Finding the 'Wow' House
A couple with a bit of an aversion to B-and-Bs has turned a midcoast manse into an intimate, but not overbearing, hideaway for people just like themselves.
The Berry Manor Inn, Rockland.
Courtesy of The Berry Manor.
Which makes the couple unusual candidates to own one of the midcoast's finest bed-and-breakfasts. But there is LaPosta joking with guests as they arrive at the Berry Manor Inn on a tranquil side street in Rockland. ("I still can't figure out why she wouldn't let me name this place Chuck Berry's," he says to someone in the lobby, pointing to a picture of the Victorian mansion's first owner, Charles Berry.) When they purchased the 1898 stunner in 1998, LaPosta and Michaelsen decided they'd set up a bed-and-breakfast for people like Mike to stay in, people who wouldn't normally be caught dead in one. And in so doing they've created an exemplary inn, the only AAA Four Diamond historic B&B in the midcoast.

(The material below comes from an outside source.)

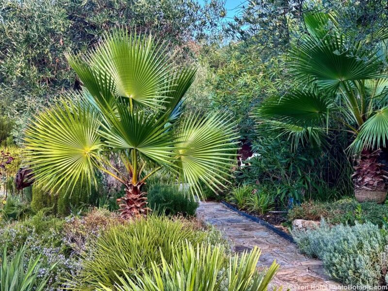 Looking to make a vertical composition, I made these two photos that are slightly different. One is much more about the fan palm, where it is almost dead center, and the other is more about the garden and the pathway leading through it.

Buying one of the grandest old homes in a happening coastal community certainly gave them a good start. The 6,800-square-foot manse was built by Rockland burgher Berry for his wife as a turn of the century wedding present, and it's almost perfect for a B&B. All three stories, sixty-six windows, twenty-four rooms, and eleven dormers. The distinctive house is on one of the nicest streets in Rock City, just a couple of blocks from the shops, galleries, restaurants, and Farnsworth Art Museum on Main Street but in a sedate neighborhood of other old homes that feels well away from the traffic downtown.
A rich maroon color that works well with the Berry name, it was a showplace in its day, incorporating a mix of architectural styles. The house combines the symmetry and stature of the Colonial Revival, the rounded facade of Queen Anne, the gables, rambling floor plan, and unifying siding of the Shingle Style, and a healthy dose of Victorian fancy. Charles Berry ran a livery with his brother and also served as mayor, and his family had their fingers in just about all of the goings-on in Rockland, helping to found Rockland Savings Bank, investing in the lime industry, owning real estate and hotels and several businesses downtown.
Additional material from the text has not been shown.